Hot Air from Paris While Wagenknecht Exposes ‘Rearm Ukraine’

March 28, 2025 (EIRNS)—The Paris “Coalition of the Willing,” after its meeting in France yesterday, has produced the usual hot air, in the form of the Anglo-French pledge to supply “reassurance” (former “peacekeeping,” eventually “deterrent") troops in Ukraine. As a recent article in London’s The Times revealed, Britain has had trouble putting together even a brigade-size force for spring exercises in the Baltic. (Estonia had concerns after the U.K. cut British troop numbers.)

Meanwhile, Rheinmetall’s announcement on involvement in constructing F35 fighter jets confirms that at least part of the German rearmament money is flowing into the U.S. defense industry. Rheinmetall plans to manufacture at least 400 medium fuselage sections for the F-35 fighter jet built by Lockheed Martin and Northrop Grumman at its new plant in Weeze. Production is scheduled to start in July 2025—the first parts have now been delivered from the U.S.
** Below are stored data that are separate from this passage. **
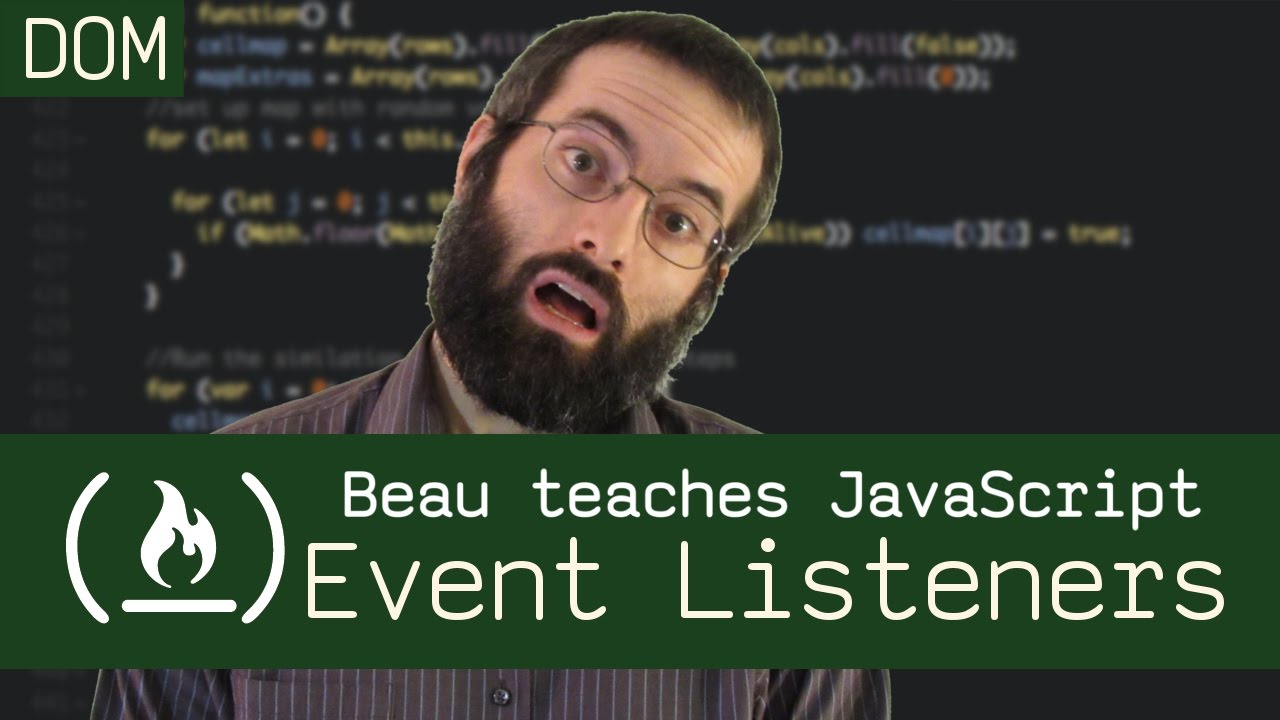 The addEventListener() method attaches an event handler to the specified element without overwriting existing event handlers so you can add many event handlers to one element. You can use removeEventListener() to remove an event. 💻 Code: https://codepen.io/beaucarnes/pen/JNRKXX?editors=1010 🔗 All DOM events: https://developer.mozilla.org/en-US/docs/Web/Events 🐦 Beau Carnes on Twitter: https://twitter.com/carnesbeau ⭐JavaScript Tutorials Playlists⭐ ▶JavaScript Basics: https://www.youtube.com/playlist?list=PLWKjhJtqVAbk2qRZtWSzCIN38JC_NdhW5 ▶Data Structures and Algorithms: https://www.youtube.com/playlist?list=PLWKjhJtqVAbkso-IbgiiP48n-O-JQA9PJ ▶Design Patterns: https://www.youtube.com/playlist?list=PLWKjhJtqVAbnZtkAI3BqcYxKnfWn_C704 ▶ES6: https://www.youtube.com/playlist?list=PLWKjhJtqVAbljtmmeS0c-CEl2LdE-eR_F ▶Clean Code: https://www.youtube.com/playlist?list=PLWKjhJtqVAbkK24EaPurzMq0-kw5U9pJh - We're busy people who learn to code, then practice by building projects for nonprofits. Learn Full-stack JavaScript, build a portfolio, and get great references with our open source community. Join our community at https://freecodecamp.com Read great tech articles at https://medium.freecodecamp.com ❤️ Support for this channel comes from our friends at Scrimba – the coding platform that's reinvented interactive learning: https://scrimba.com/freecodecamp
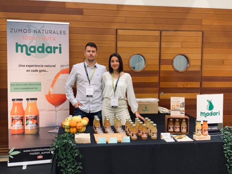Zumos Madari nació hace dos años como un proyecto de Anais Díez y Jonatan Vázquez, dos jóvenes que abrieron una tienda en el Casco Viejo de Bilbao para vender ‘smoothies’ y zumos naturales hechos al momento. Vista la buena acogida, los emprendedores decidieron crear su propio obrador ubicado en Basauri, para poder embotellarlos y distribuirlos más fácilmente. Hoy en día sus bebidas ya llegan a toda la Península y a Baleares mediante su tienda online a través de la plataforma Eup!. Principalmente, sus clientes se dedican al sector HORECA (hoteles, restaurantes y cafeterías).
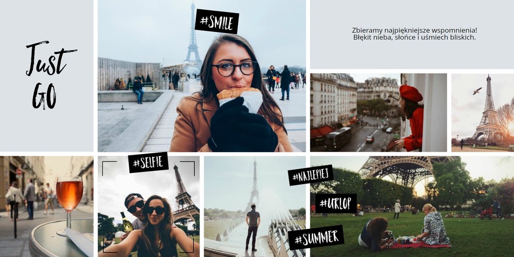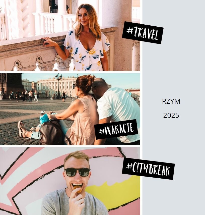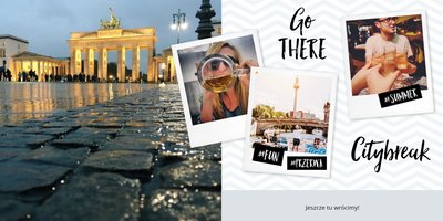 Citybreak, to propozycja dla miłośników krótkich wycieczek, idealna na wydrukowanie zdjęć z weekendowego wyjazdu, ale nie tylko. W szablonie znajdziemy różnokolorowe tła oraz dodatki w postaci hashtagów, strzałek i polaroidów. Fotoalbum Citybreak będzie świetną pamiątką z wycieczek objazdowych oraz idealnym prezentem dla przyjaciół.
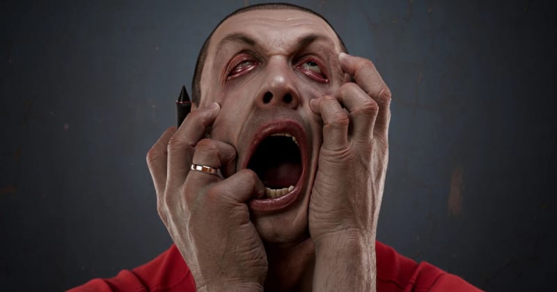 Vladimir Kudryashov created a 3D self-portrait exploring extreme facial expressions and emotional tension. The project focused on realistic facial anatomy, skin deformation, and high-frequency details under dramatic lighting. The head and pore details were fully hand-sculpted in ZBrush, with textures and maps hand-painted.
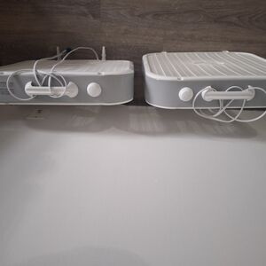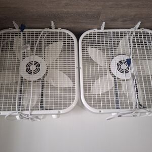 Set of two white box fans. Perfect for cooling any room.
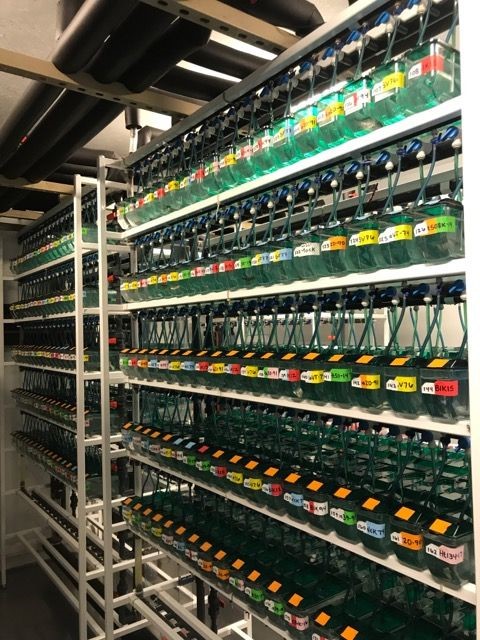 I work in a refrigerated box most of the time, but it probably has a fancier name like “climate controlled wet laboratory.” If you’ve ever seen a restaurant’s walk-in freezer or refrigerator, that’s kind of what I work in. You could call it a refrigerated library, too, but on a really small scale, if you had a library the size of your bedroom and every bookcase had hundreds of fish tanks on it instead of books. For my research, I run experiments with hundreds or thousands of fish in very controlled environments.
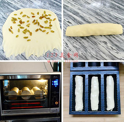 3、揉好的面团均分成三份,擀成打横长方形,拖薄底边,放入适量的葡萄干,再由上往下卷成圆柱形,整形入模(具体方法看细节图哈)。
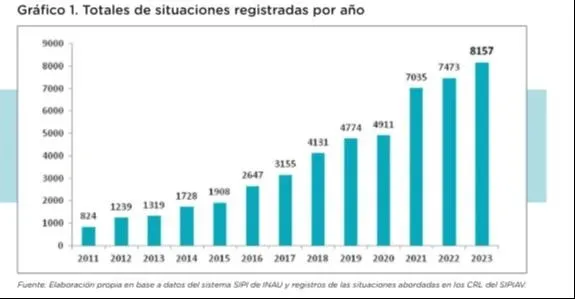 Según el informe de Sistema Integral de Protección a la Infancia y a la Adolescencia contra la Violencia (Sipiav), se registró un aumento del 9% del 2023 con respecto a 2022, lo que marca, según INAU, que hay mayor una detección e intervención ante los casos.
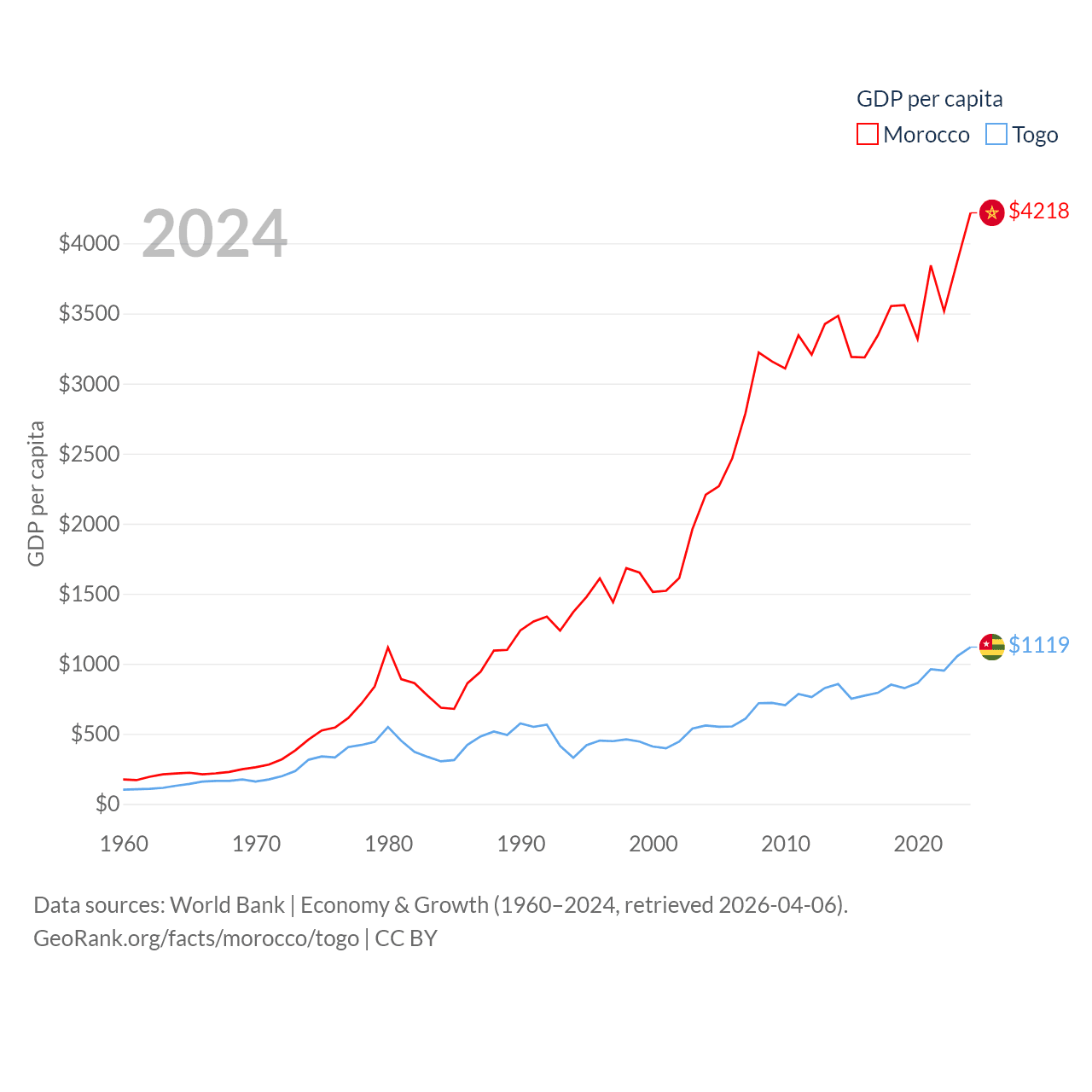 By GDP, Morocco ranks 58/197 ($161B) and Togo ranks 154/197 ($10.7B). By GDP per capita, Morocco ranks 127/197 ($4,218), while Togo ranks 172/197 ($1,119).
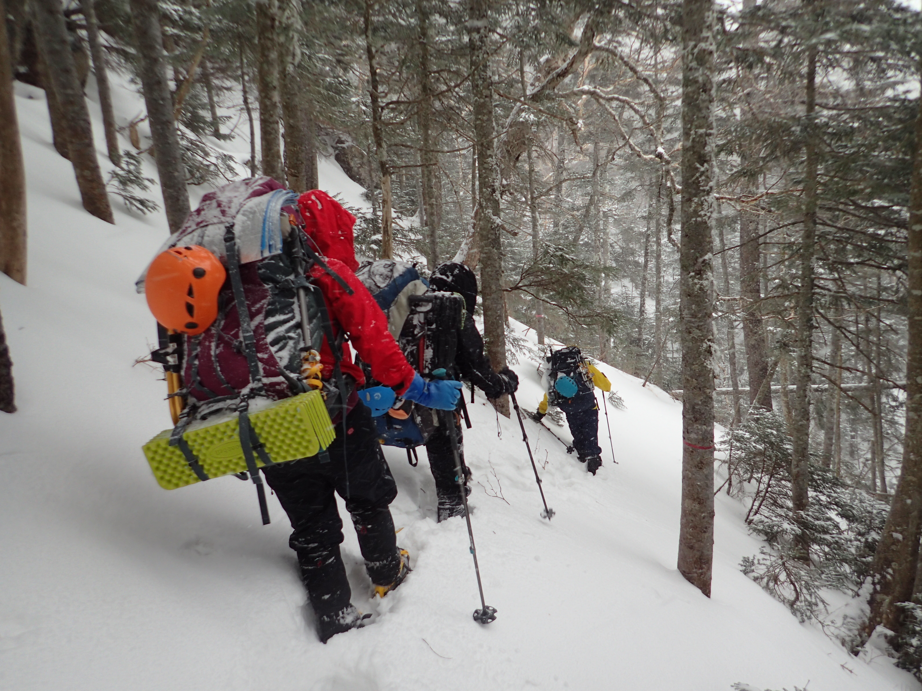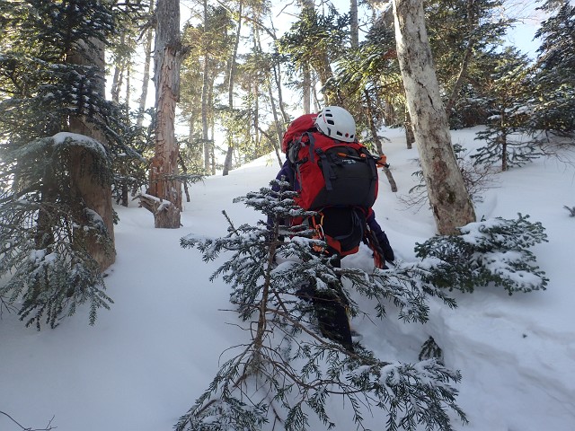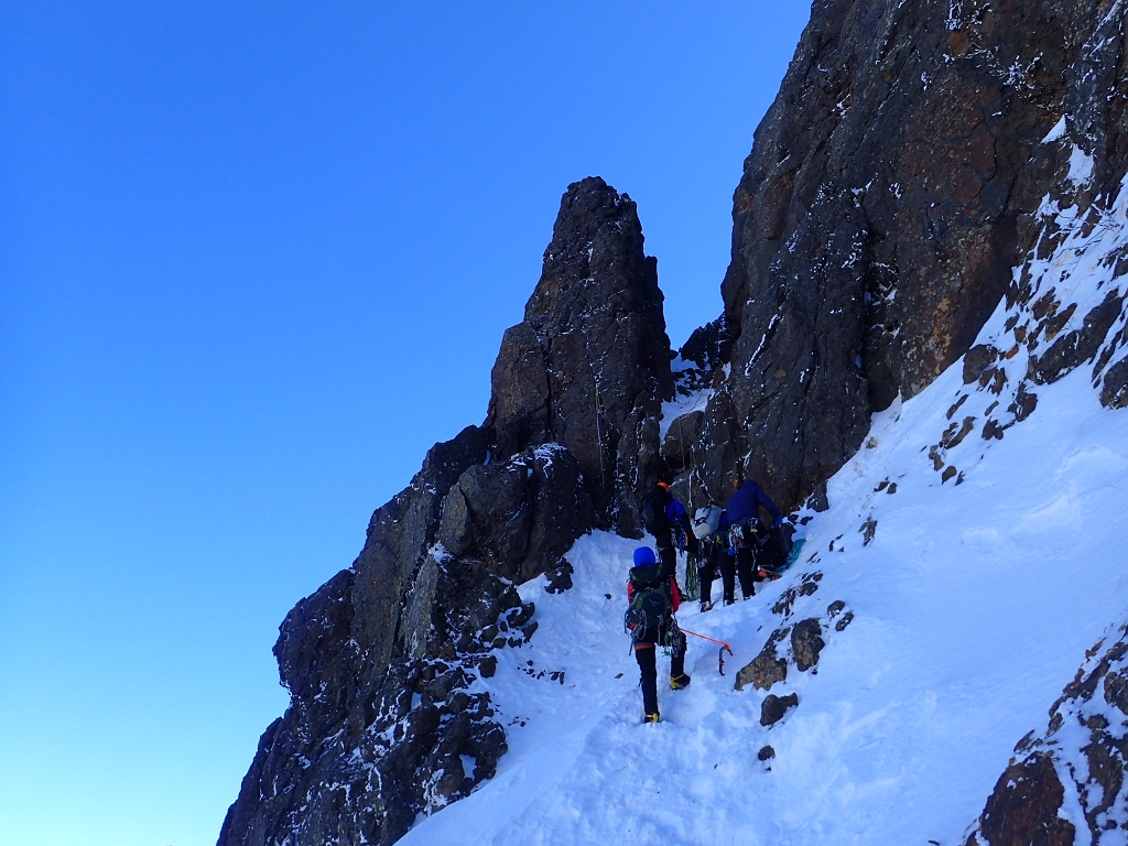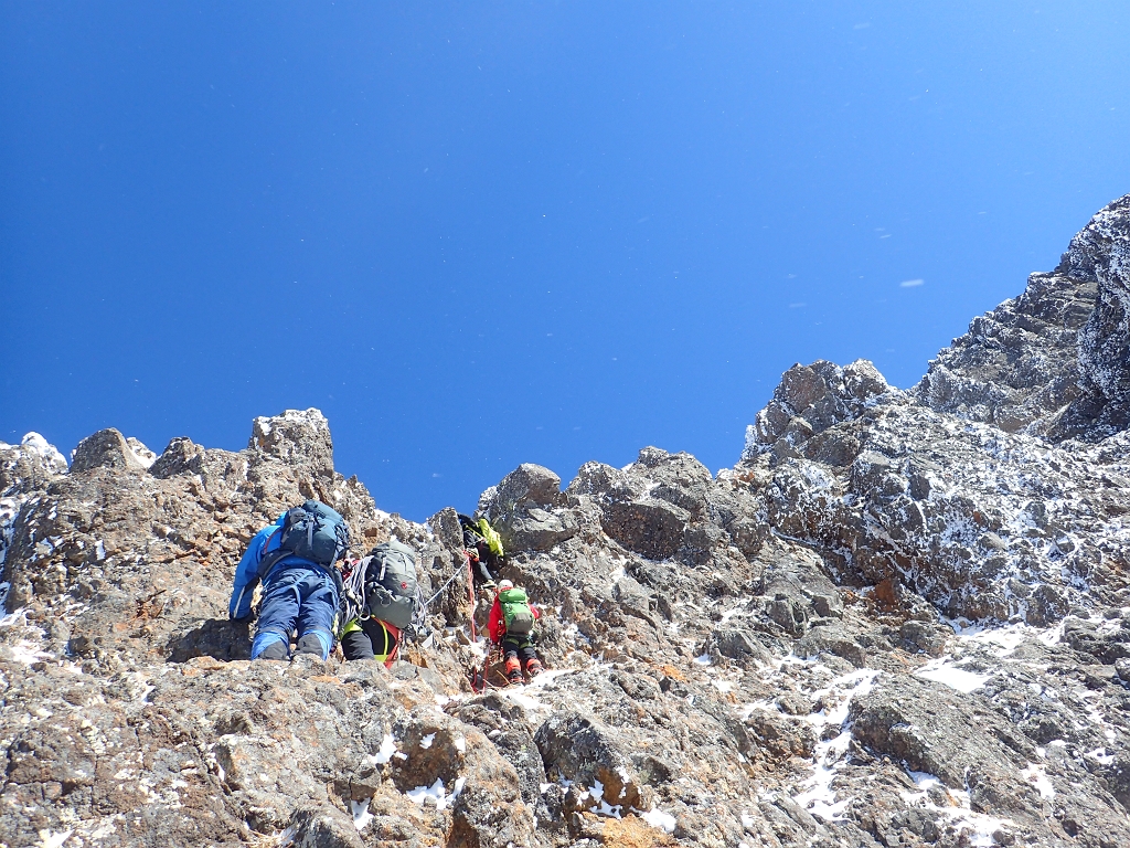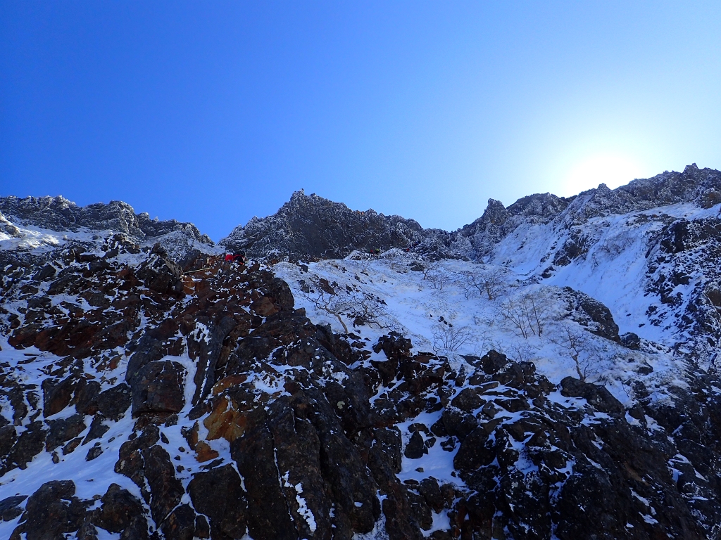 左側のルートを行くパーティ、かなりもろいらしく氷がどんどん落ちてくる。 その後どんどんパーティが増えて3ルンゼ大渋滞。 早めに着いていた私達は早く引かなきゃなぁって…何となくその圧に負け撤収〜笑 でもしっかり楽しんだので満足。
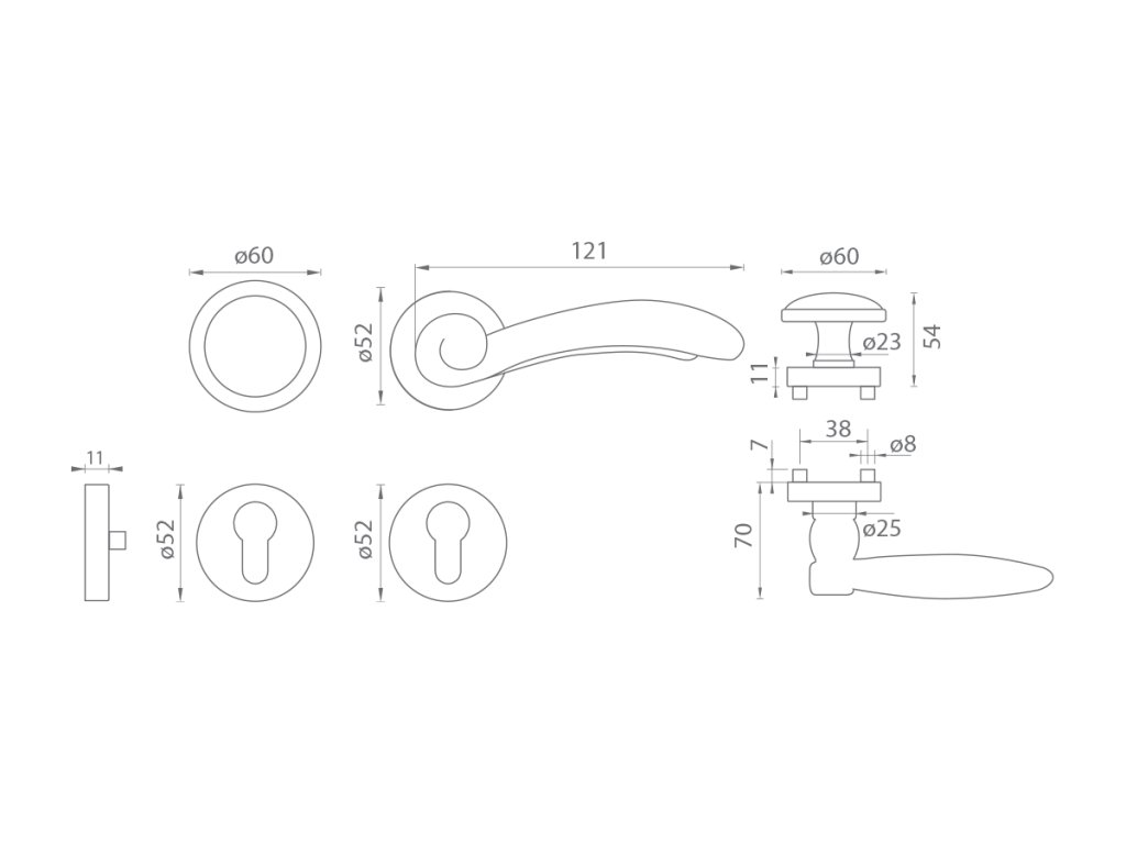 Rozetová kľučka na vchodové a bezpečnostné dvere so spevnenou okrúhlou rozetou bez prekrytia cylindrickej vložky je vyrobená z materiálov vysokej kvality – mosadz a je povrchovo upravená. Okrúhla rozeta má priemer 52 mm a hrúbku 11 mm.

Porsche decided to allocate €2 billion to investments in the military sector despite losing (or because they lost) €20 billion in the automobile sector last year. Porsche already has a stake in the start(ed)-up Quantum Systems GmbH, along with international investors. QS produces drones.

Sahra Wagenknecht has exposed the German rearmament policy as “sick.” In a leaflet distributed nationwide, the BSW explains that the money “will go not only to the Bundeswehr, but above all also to the Ukrainian military. This exemption from the debt-brake is de facto a standing order from the German taxpayers for the rearmament of Ukraine.

“Germany should do exactly the opposite: strict debt rules for military spending and lifting debt rules for meaningful investments in infrastructure. The €500 billion extra fund for infrastructure, instead, is nothing but a fig-leaf for higher military spending.”